__What the task requires__
Please reproduce all of the data below exactly, leaving each picture out.
[Source material — start]
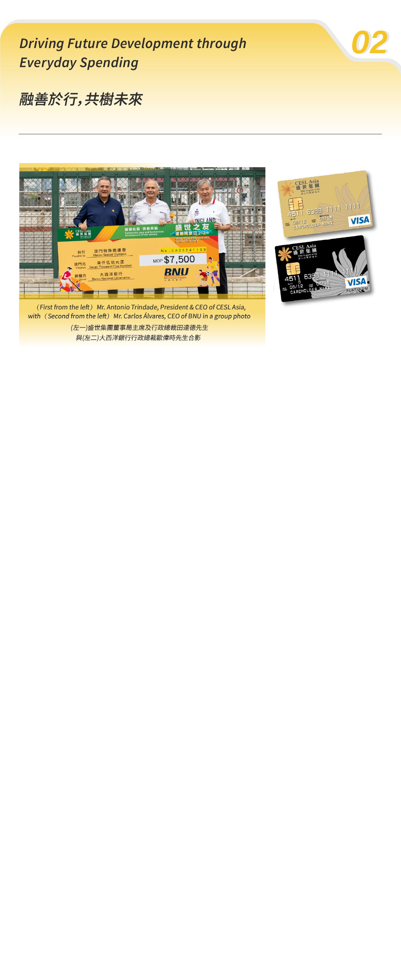 盛世集團很榮幸自2013年起與大西洋銀行攜手推出「盛世集團聯營信用卡」,開創透過日常消費推動社區發展的新模式。聯營信用卡不僅作為金融工具,更是連結公眾與社會的重要橋樑,讓每一筆消費都能化為推動澳門可持續發展的力量。
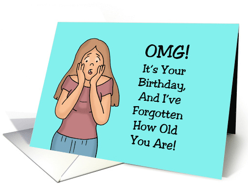 Humorous Birthday Card with a cartoon woman on a light blue background. The words say: OMG! It's your birthday, and I've forgotten how old you are! Inside says: Remind me again, how old you're pretending to be!
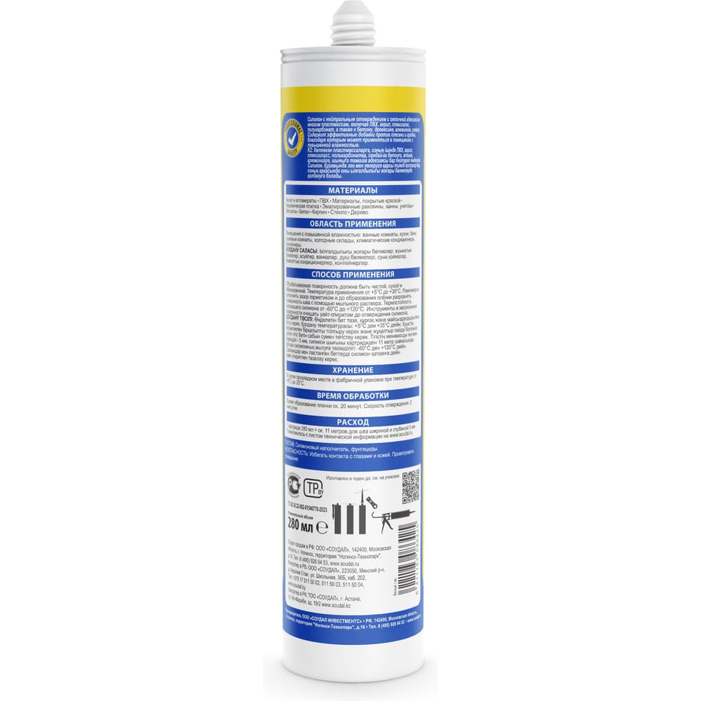 Нейтральный санитарный силикон SOUDAL белый 118312
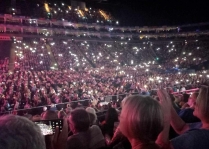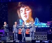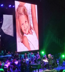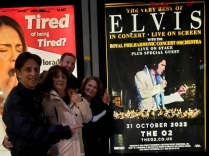 Zum absoluten Höhepunkt der diesjährigen neuen Großbritannien-Tournee von „The Very Best Of Elvis In Concert – Live On Screen“ wurde am vergangenen Dienstag, dem 31. Oktober 2023, das Gastspiel in der riesigen „O2 Arena“ in der britischen Metropole London. Unser deutscher Fanclub „The King’s World“ war mit einer sechsköpfigen Gruppe von Mitgliedern aus Nordrhein-Westfalen und Berlin an die Themse gereist, um die erneute virtuelle Auferstehung des King vor Ort miterleben zu können (oberes Foto). Nach einem ersten Kurzbericht vor wenigen Tagen wollen wir heute nun wie versprochen eine ausführliche Review der Londoner Show folgen lassen. „The Very Best Of Elvis In Concert – Live On Screen“, produziert von Danny Betesh und Dan Scott für das britische Unternehmen „Kennedy Street Enterprises“ im Auftrag von Elvis Presley Enterprises (EPE) in Memphis, ist der legitime Nachfolger des von 1997 bis 2012 mit riesigem weltweiten Erfolg gelaufenen Projekts „ELVIS – The Concert“ mit Elvis Presley live auf Videowand und seiner Original-Konzertbesetzung der 70er Jahre live auf der Bühne. Diese durch die Mitwirkung der originalen Musiker und Begleitsänger(innen) des King unfassbar authentische Transformation eines echten Elvis-Konzertes in die heutige Zeit konnte nach 2012 durch das Alter und teilweise auch Ableben der Elvis-Originale nicht mehr fortgesetzt werden. Auf der Suche nach einem neuen Konzept für die Weiterführung der Elvis-Leinwand-Konzerte stieß EPE auf das renommierte „Royal Philharmonic Orchestra“ aus Großbritannien, das aufgrund seiner musikalischen Klasse und seines internationalen Bekanntheitsgrades eine ideale neue Live-Begleitung für (Video-)Elvis zu versprechen schien. Der Plan ging auf, und in Verbindung mit den immer besser werdenden Video-Techniken entstand ab 2016 mit „Elvis In Concert – Live On Screen“ ein grandioses Multi-Media-Konzert-Event neuer Dimension, das seitdem die Welt begeistert und den King endgültig unsterblich werden lässt. Nachdem die „The King’s World“-Leitung die neue Show bereits 2016 bei der allerersten Tournee durch Großbritannien sowie 2017 in Deutschland und danach zum 40. Todestag des King ebenfalls 2017 in Memphis erlebt hatte, waren wir auf London 2023 umso mehr gespannt. Hocherfreut durften wir feststellen, dass „Elvis In Concert – Live On Screen“ nichts von seiner Faszination verloren hat. Dass die Darbietung wie schon bei den früheren Aufführungen seit 2016 nicht wie die echten Elvis-Konzerte der 70er Jahre und ebenso die erwähnten späteren „ELVIS – The Concert“-Shows mit dem traditionellen „2001 Theme“ und „See See Rider“ sondern einer instrumentalen Version von „If I Can Dream“ begann, die dann in „Burning Love“ mit dem „Aloha From Hawaii“-Elvis mündete, mag Puristen nicht recht gefallen, ist aber im Zuge der Absicht, etwas Neues zu kreieren, zulässig und kam auch sehr gelungen rüber (zweites Foto). Hiernach wirkte der erste Set des insgesamt zweistündigen Konzertes durch die fast ausschließliche Darbietung von Balladen wie „You’ve Lost That Lovin’ Feelin’“, „In The Ghetto“ und „Bridge Over Troubled Water“ etwas zu getragen, was im Publikum zwar zu hingerissenem Applaus aber noch nicht zu hemmungsloser Ekstase führte. Diese entwickelte sich dann aber im zweiten Set, als eine furiose Abfolge von Rock-Songs wie „Blue Suede Shoes“, „Hound Dog“ und „All Shook Up“ mit dem „That’s The Way It Is“- und „’68 Comeback“-Elvis die rund 18 000 Besucher in der ausverkauften Riesenarena in Begeisterungsstürme versetzte (drittes Foto). Zu einem besonderen emotionalen Highlight wurde „Memories“, als – ermuntert durch den Begleitchor des Orchesters – die Fans mit ihren Handys die Halle in ein komplettes Lichtermeer verwandelten (viertes Foto). Gänsehaut pur! Und als sich schließlich mit „The Wonder Of You“, „Suspicious Minds“ und „An American Trilogy“ das Konzert seinem Ende näherte, gab es in der „O2 Arena“ kein Halten mehr: Die 18 000 Menschen standen auf, tanzten ausgelassen, sangen lauthals mit und jubelten ihrem Idol auf der Leinwand sowie dem 40-köpfigen Orchester auf der Bühne grenzenlos zu! Überhaupt das Orchester: Dass ein philharmonisches Ensemble Balladen und Gospels bombastisch begleiten kann, darf Niemanden überraschen. Doch das „Royal Philharmonic Orchestra“ kann auch großartig rocken, wobei vor allem Leadgitarrist Mitch Dalton, Pianist Dominic Ferris und Schlagzeuger Tim Goodyer sichtbar riesige Freude daran hatten, anders als bei einer Beethoven-Sinfonie mal richtig loslegen zu können! Dieselbe Freude merkte man auch dem musikalischen Leiter und Dirigenten Robin Smith an: Der ‚Maestro’ hat nicht nur durch die Ausarbeitung sämtlicher Arrangements und durch die generelle künstlerische Leitung einen fundamentalen Anteil am Gelingen der Darbietung, sondern geht in seiner Funktion so emotional auf, dass seine Action am Dirigentenpult der von Elvis oben auf der Leinwand kaum nachsteht. Ein beeindruckendes Schauspiel, das zudem verdeutlichte, wie sehr sich Robin Smith längst mit der Musik von Elvis Presley identifiziert! Die Leinwände wiederum sind schon 2016 technisch und optisch so verfeinert worden, dass Elvis’ Video-Auftritt phasenweise zu einer virtuellen Performance himmlischen Ausmaßes geriet. Bleibt noch der Beitrag von Jerry Schilling: Der langjährige enge Freund und organisatorische Mitarbeiter von Elvis führte bei der jüngsten Tournee als Gastgeber und Moderator durch die Abende (fünftes Foto) und berichtete sehr ergriffen und aus seiner ganz persönlichen Sicht über den Künstler und Menschen Elvis, über Graceland als Zuhause und Zufluchtsort des King und über Elvis’ zu Jahresbeginn 2023 tragisch verstorbene Tochter Lisa Marie, die auf diese Weise eine besonders berührende Würdigung in der Show erfuhr (unteres Foto). Und so war „The Very
[Source material — finish]
__Task answer__
 盛世集團很榮幸自2013年起與大西洋銀行攜手推出「盛世集團聯營信用卡」,開創透過日常消費推動社區發展的新模式。聯營信用卡不僅作為金融工具,更是連結公眾與社會的重要橋樑,讓每一筆消費都能化為推動澳門可持續發展的力量。
 Humorous Birthday Card with a cartoon woman on a light blue background. The words say: OMG! It's your birthday, and I've forgotten how old you are! Inside says: Remind me again, how old you're pretending to be!
 Нейтральный санитарный силикон SOUDAL белый 118312
 Zum absoluten Höhepunkt der diesjährigen neuen Großbritannien-Tournee von „The Very Best Of Elvis In Concert – Live On Screen“ wurde am vergangenen Dienstag, dem 31. Oktober 2023, das Gastspiel in der riesigen „O2 Arena“ in der britischen Metropole London. Unser deutscher Fanclub „The King’s World“ war mit einer sechsköpfigen Gruppe von Mitgliedern aus Nordrhein-Westfalen und Berlin an die Themse gereist, um die erneute virtuelle Auferstehung des King vor Ort miterleben zu können (oberes Foto). Nach einem ersten Kurzbericht vor wenigen Tagen wollen wir heute nun wie versprochen eine ausführliche Review der Londoner Show folgen lassen. „The Very Best Of Elvis In Concert – Live On Screen“, produziert von Danny Betesh und Dan Scott für das britische Unternehmen „Kennedy Street Enterprises“ im Auftrag von Elvis Presley Enterprises (EPE) in Memphis, ist der legitime Nachfolger des von 1997 bis 2012 mit riesigem weltweiten Erfolg gelaufenen Projekts „ELVIS – The Concert“ mit Elvis Presley live auf Videowand und seiner Original-Konzertbesetzung der 70er Jahre live auf der Bühne. Diese durch die Mitwirkung der originalen Musiker und Begleitsänger(innen) des King unfassbar authentische Transformation eines echten Elvis-Konzertes in die heutige Zeit konnte nach 2012 durch das Alter und teilweise auch Ableben der Elvis-Originale nicht mehr fortgesetzt werden. Auf der Suche nach einem neuen Konzept für die Weiterführung der Elvis-Leinwand-Konzerte stieß EPE auf das renommierte „Royal Philharmonic Orchestra“ aus Großbritannien, das aufgrund seiner musikalischen Klasse und seines internationalen Bekanntheitsgrades eine ideale neue Live-Begleitung für (Video-)Elvis zu versprechen schien. Der Plan ging auf, und in Verbindung mit den immer besser werdenden Video-Techniken entstand ab 2016 mit „Elvis In Concert – Live On Screen“ ein grandioses Multi-Media-Konzert-Event neuer Dimension, das seitdem die Welt begeistert und den King endgültig unsterblich werden lässt. Nachdem die „The King’s World“-Leitung die neue Show bereits 2016 bei der allerersten Tournee durch Großbritannien sowie 2017 in Deutschland und danach zum 40. Todestag des King ebenfalls 2017 in Memphis erlebt hatte, waren wir auf London 2023 umso mehr gespannt. Hocherfreut durften wir feststellen, dass „Elvis In Concert – Live On Screen“ nichts von seiner Faszination verloren hat. Dass die Darbietung wie schon bei den früheren Aufführungen seit 2016 nicht wie die echten Elvis-Konzerte der 70er Jahre und ebenso die erwähnten späteren „ELVIS – The Concert“-Shows mit dem traditionellen „2001 Theme“ und „See See Rider“ sondern einer instrumentalen Version von „If I Can Dream“ begann, die dann in „Burning Love“ mit dem „Aloha From Hawaii“-Elvis mündete, mag Puristen nicht recht gefallen, ist aber im Zuge der Absicht, etwas Neues zu kreieren, zulässig und kam auch sehr gelungen rüber (zweites Foto). Hiernach wirkte der erste Set des insgesamt zweistündigen Konzertes durch die fast ausschließliche Darbietung von Balladen wie „You’ve Lost That Lovin’ Feelin’“, „In The Ghetto“ und „Bridge Over Troubled Water“ etwas zu getragen, was im Publikum zwar zu hingerissenem Applaus aber noch nicht zu hemmungsloser Ekstase führte. Diese entwickelte sich dann aber im zweiten Set, als eine furiose Abfolge von Rock-Songs wie „Blue Suede Shoes“, „Hound Dog“ und „All Shook Up“ mit dem „That’s The Way It Is“- und „’68 Comeback“-Elvis die rund 18 000 Besucher in der ausverkauften Riesenarena in Begeisterungsstürme versetzte (drittes Foto). Zu einem besonderen emotionalen Highlight wurde „Memories“, als – ermuntert durch den Begleitchor des Orchesters – die Fans mit ihren Handys die Halle in ein komplettes Lichtermeer verwandelten (viertes Foto). Gänsehaut pur! Und als sich schließlich mit „The Wonder Of You“, „Suspicious Minds“ und „An American Trilogy“ das Konzert seinem Ende näherte, gab es in der „O2 Arena“ kein Halten mehr: Die 18 000 Menschen standen auf, tanzten ausgelassen, sangen lauthals mit und jubelten ihrem Idol auf der Leinwand sowie dem 40-köpfigen Orchester auf der Bühne grenzenlos zu! Überhaupt das Orchester: Dass ein philharmonisches Ensemble Balladen und Gospels bombastisch begleiten kann, darf Niemanden überraschen. Doch das „Royal Philharmonic Orchestra“ kann auch großartig rocken, wobei vor allem Leadgitarrist Mitch Dalton, Pianist Dominic Ferris und Schlagzeuger Tim Goodyer sichtbar riesige Freude daran hatten, anders als bei einer Beethoven-Sinfonie mal richtig loslegen zu können! Dieselbe Freude merkte man auch dem musikalischen Leiter und Dirigenten Robin Smith an: Der ‚Maestro’ hat nicht nur durch die Ausarbeitung sämtlicher Arrangements und durch die generelle künstlerische Leitung einen fundamentalen Anteil am Gelingen der Darbietung, sondern geht in seiner Funktion so emotional auf, dass seine Action am Dirigentenpult der von Elvis oben auf der Leinwand kaum nachsteht. Ein beeindruckendes Schauspiel, das zudem verdeutlichte, wie sehr sich Robin Smith längst mit der Musik von Elvis Presley identifiziert! Die Leinwände wiederum sind schon 2016 technisch und optisch so verfeinert worden, dass Elvis’ Video-Auftritt phasenweise zu einer virtuellen Performance himmlischen Ausmaßes geriet. Bleibt noch der Beitrag von Jerry Schilling: Der langjährige enge Freund und organisatorische Mitarbeiter von Elvis führte bei der jüngsten Tournee als Gastgeber und Moderator durch die Abende (fünftes Foto) und berichtete sehr ergriffen und aus seiner ganz persönlichen Sicht über den Künstler und Menschen Elvis, über Graceland als Zuhause und Zufluchtsort des King und über Elvis’ zu Jahresbeginn 2023 tragisch verstorbene Tochter Lisa Marie, die auf diese Weise eine besonders berührende Würdigung in der Show erfuhr (unteres Foto). Und so war „The Very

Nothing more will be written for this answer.